• YOUR GOAL
Set down the data again word for word. Skip any pictures.

• RECORDED DATA

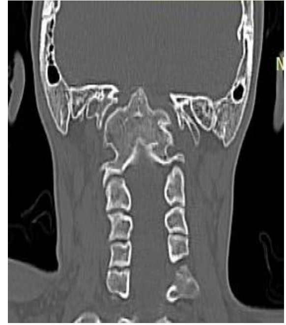
Fig. 2: CT scan showing atlanto occipital assimilation

Indian Journal of Clinical Anatomy and Physiology, April-June, 2019;6(2):148-152
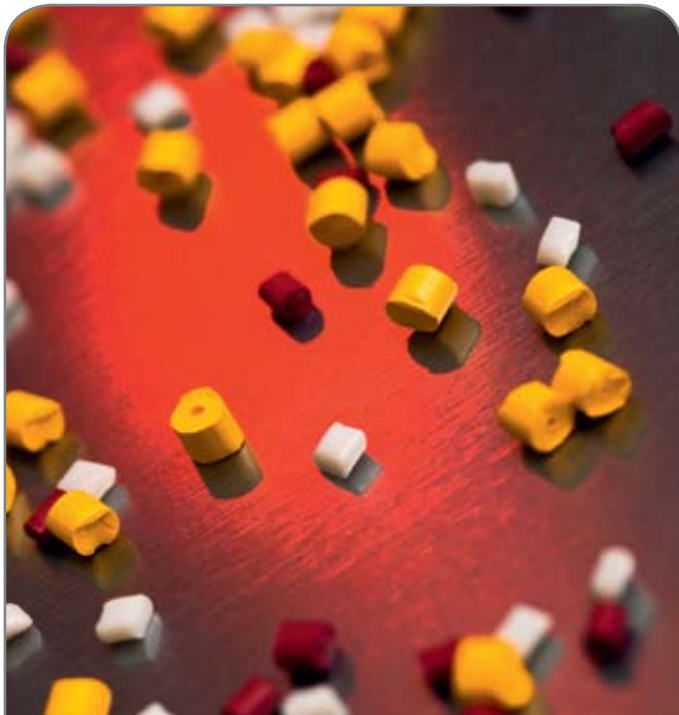
Powder and granules: a pneumatic conveyor for many uses

• ANSWER SECTION
Fig. 2: CT scan showing atlanto occipital assimilation

Indian Journal of Clinical Anatomy and Physiology, April-June, 2019;6(2):148-152
Powder and granules: a pneumatic conveyor for many uses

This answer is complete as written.